KR100718985B1 - Bottle for storing retort food - Google Patents

Abstract

The retort food storage container according to the present invention consists of a composite resin layer. The composite resin layer has a structure in which a first polypropylene resin layer, a first adhesive resin layer, an oxygen barrier resin layer, a second adhesive resin layer, and a second polypropylene resin layer are sequentially laminated. The first and second polypropylene resin layers are made of a polypropylene copolymer (PP copolymer), and the oxygen barrier layer is made of a copolymer of ethylene and vinyl alcohol. The retort food storage container is excellent in heat resistance and oxygen barrier properties can stably store the retort food.

Description

Retort container for food storage {BOTTLE FOR STORING RETORT FOOD}

1 is a cross-sectional view of a composite resin layer constituting a retort food storage container according to an embodiment of the present invention.

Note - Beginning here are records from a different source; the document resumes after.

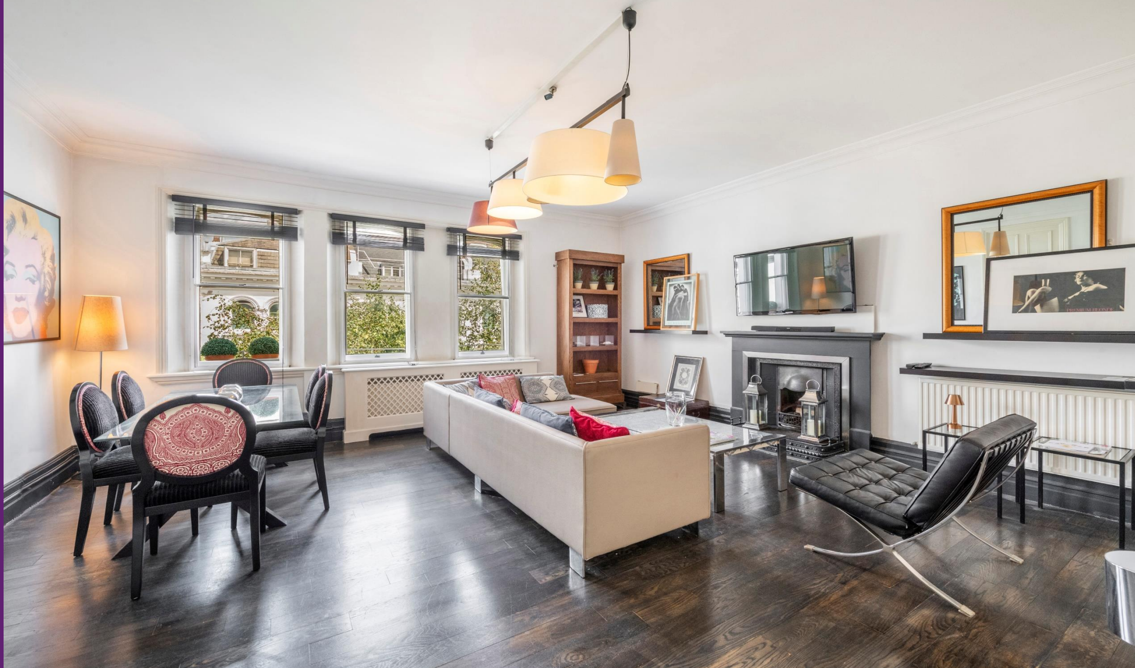
Sumner Place South Kensington, SW7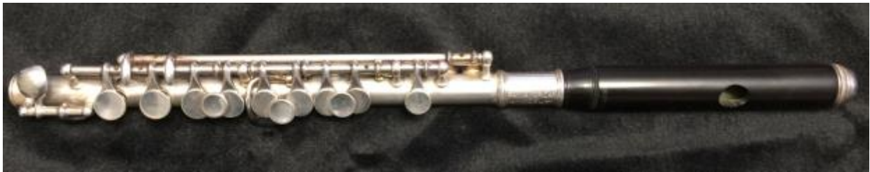
Figure 10. Conn Pan American model with ebonite head and silver body, circa 1925.

Some companies offer synthetic materials that emulate the tonal qualities of wood but are not affected by moisture or temperature extremes which can cause wood to crack. Ebonite is a hard, rubberized material that looks like dark wood, is easily machined, does not warp or crack, and produces a sweet wood-like tone. Ebonite was first introduced around 1840 and was predominantly used for piccolos due to frequent use outdoors. Ebonite is the name associated with musical instrument manufacturing although the material is more generally known as vulcanized rubber. Conn Instruments made piccolos with a cylindrical metal body and an ebonite head joint combining the new material into a production model (see figure 2)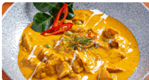
PANEANG MOO THB 290 RED CURRY PASTE, EGGPLANT, COCONUT CREAM, SERVED WITH JASMINE RICE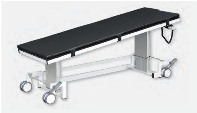
2 RGL-1065/NEE, PAL-190-65, LR/Z-125 (H : 550-800 mm)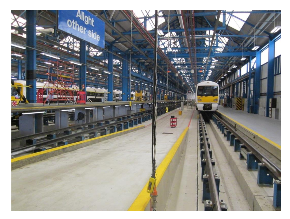
Conductor rail removed and power provided by overhead 'shore supply' system

16. The opportunity to eliminate risk locally through, where practicable, the cutting back of conductor rail from buffer stops, crossing points and staffed servicing locations, such as sanding and tanking points, should not be overlooked. Note that the local absence of conductor rail generally does not mean that shoe gear is de-energised.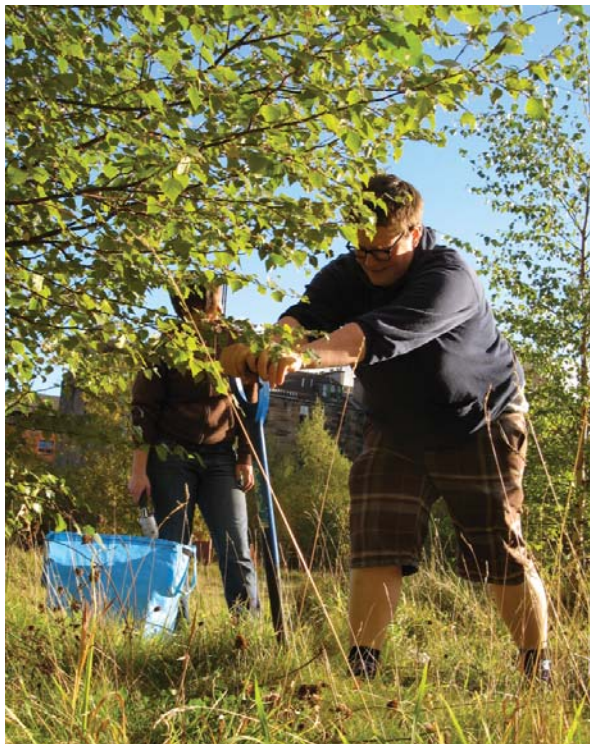
North Kelvin Meadow Campaign, Glasgow

have donated and the positive benefits to the local community that have resulted from their support. The task of reporting to funders will be made much easier if you keep appropriate records of the work, events and activities they have funded.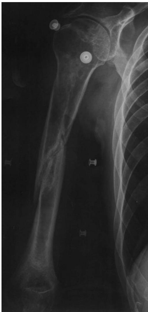
Figure 2. X-ray image 7 months after fracture with no signs of union and osteopenia/bone loss.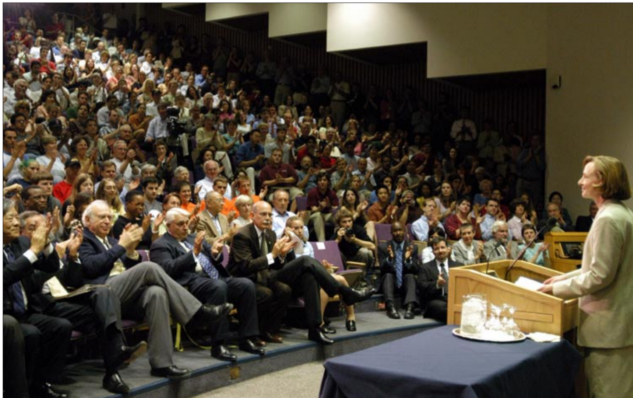
The MIT community applauds as President-elect Susan Hockfield takes the podium in Room 10-250 at the community meeting announcing her selection as MIT's 16th president.

Richard C. Levin President of Yale University

2 is a graph showing oxygen permeability according to relative humidity of EVOH (32 mol%, 44 mol%), nanocomposite, nylon-MXD6 and PET.

3 is a cross-sectional view of a composite resin layer forming a retort food storage container according to another embodiment of the present invention.

The present invention relates to a storage container for storing food such as beverages, and more particularly, to a retort food storage container having excellent heat resistance and oxygen barrier property.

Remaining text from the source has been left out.